▶ _TASK INSTRUCTIONS_:
Give again, word for word, the line holding "strawa Comfort Vorverdrahtung" and every line after it through the end of the data below. Omit pictures.

Collection entries:

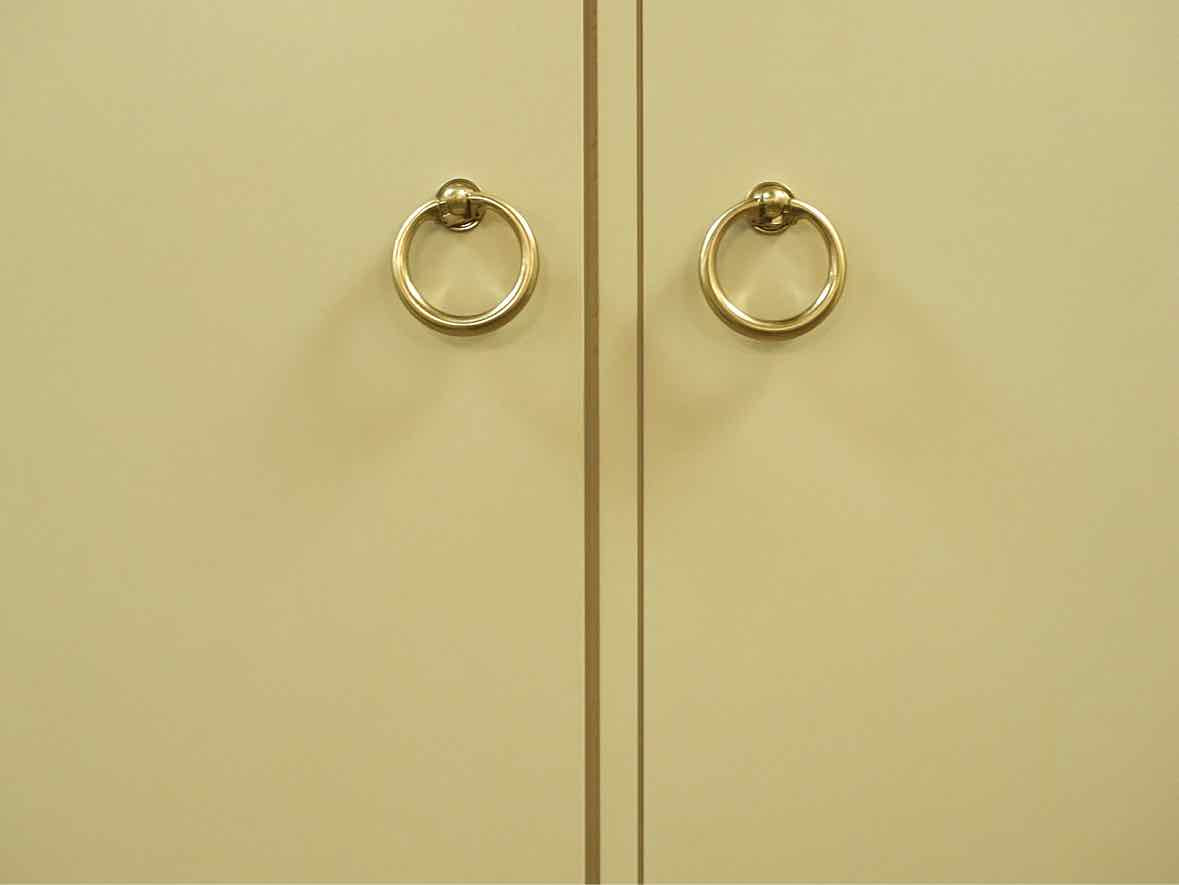 "Tomlin" door & drawer cabinet (82439) in maple with classic Santa Barbara painted finish and satin brass ring pulls
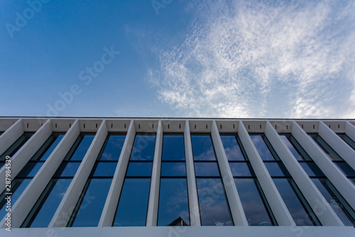 Fototapeta premium sky and exterior glass wall modern building. Modern office building
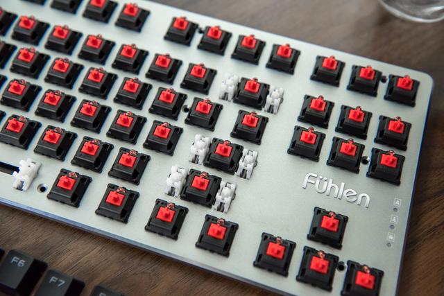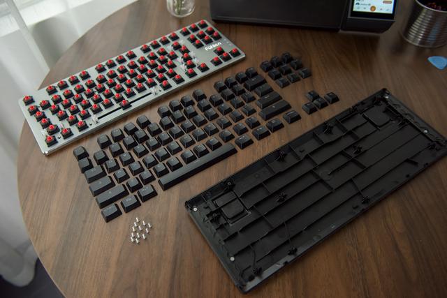 将87个键帽逐一拔掉,最初就成了这个样子,原厂Cherry轴可不是盖的呢,大要是年纪大了,对机械键盘起头逐步退烧,越来越喜好压力克数较低的红轴。
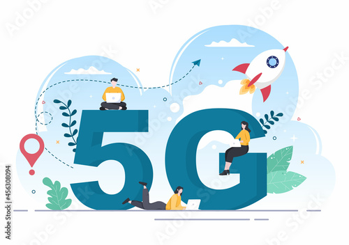 Network 6g technology vector. High speed wireless connection. Digital communication, telecommunication and global internet concept. Creative number poster with cityscape design
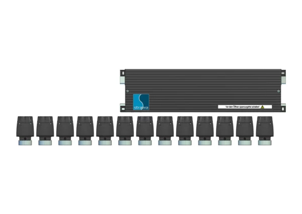 strawa Comfort Vorverdrahtung RT8-STA14 + strawatherm 230V Heizen/Kühlen 13 Hkr.,BxHxT: 675 x 193 x 84 mm, bestehend aus Klemmleiste 230 V (max. 8 Raumthermostate) und auf der Klemmleiste vorverdrahtete strawatherm Stellantrieben 230 V
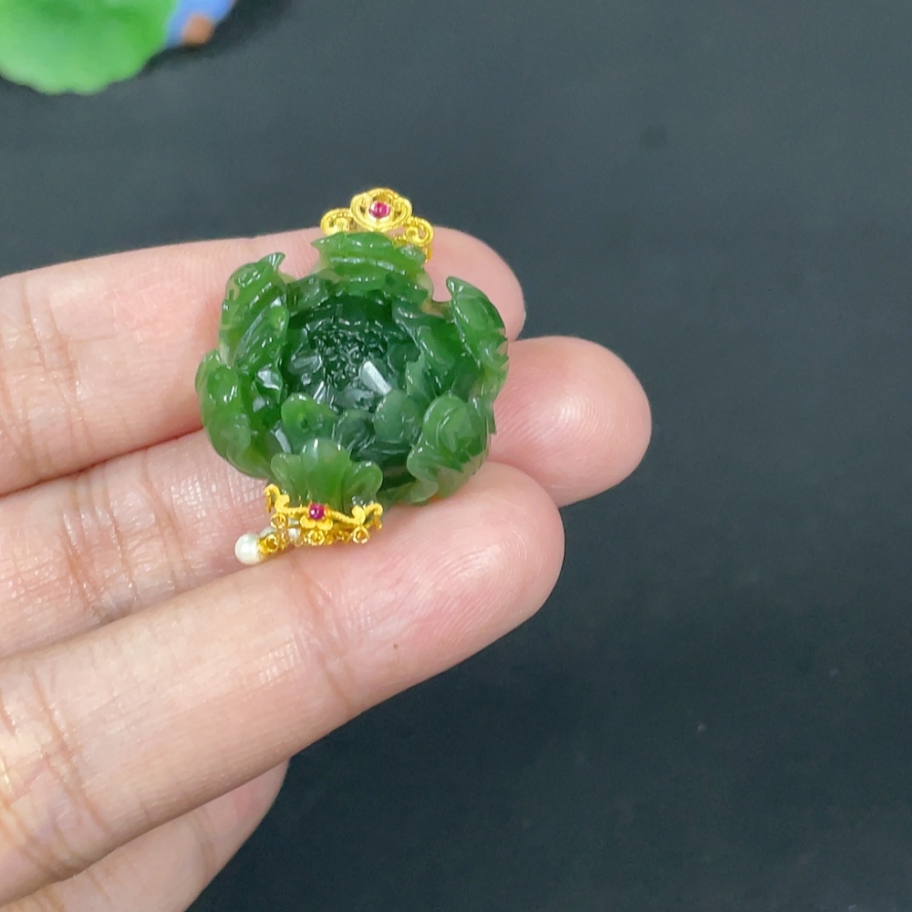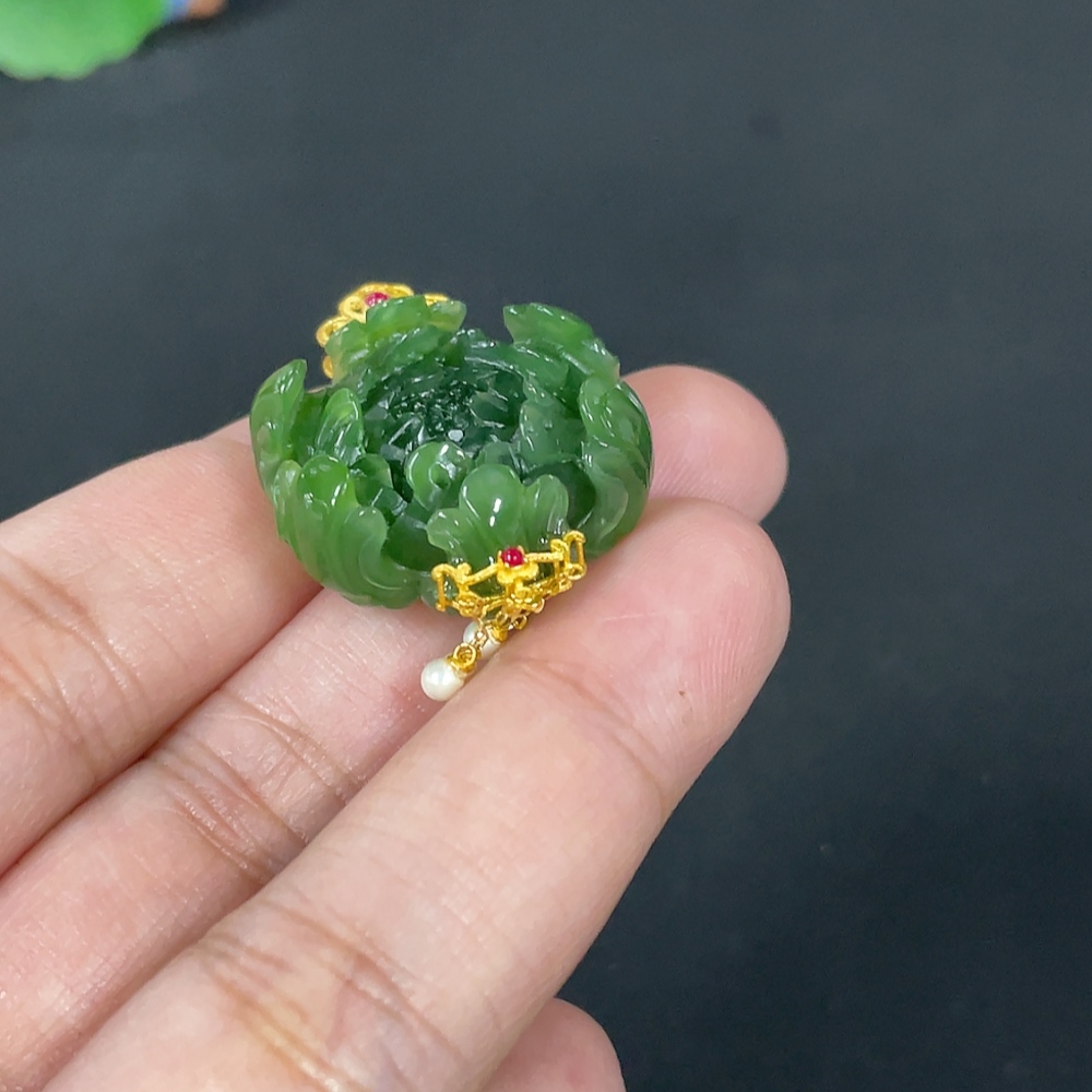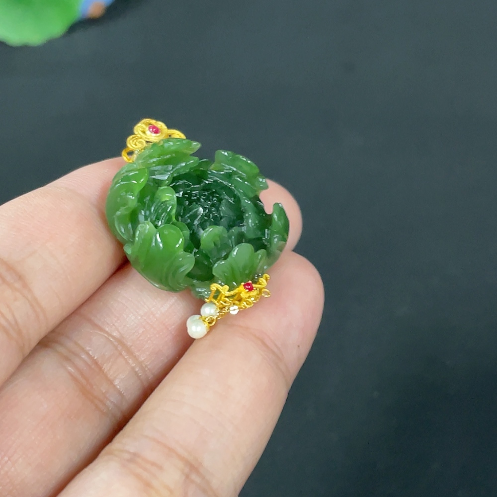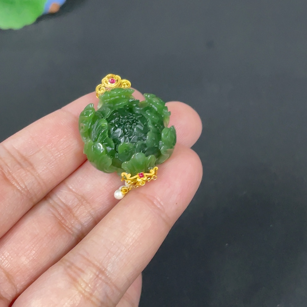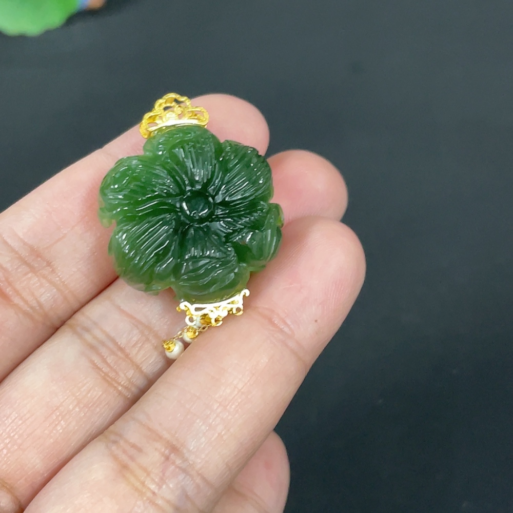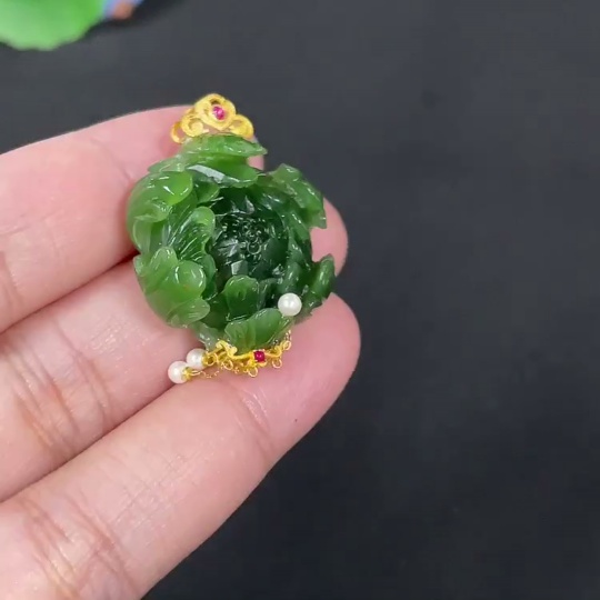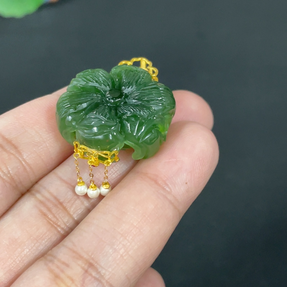 Hetian Jade Jasper Inlaid Pendant "Flourishing Wealth" Total Weight Approx. 10.8g Gold Content 71%

▶ _EXPECTED OUTPUT_:
 strawa Comfort Vorverdrahtung RT8-STA14 + strawatherm 230V Heizen/Kühlen 13 Hkr.,BxHxT: 675 x 193 x 84 mm, bestehend aus Klemmleiste 230 V (max. 8 Raumthermostate) und auf der Klemmleiste vorverdrahtete strawatherm Stellantrieben 230 V
 Hetian Jade Jasper Inlaid Pendant "Flourishing Wealth" Total Weight Approx. 10.8g Gold Content 71%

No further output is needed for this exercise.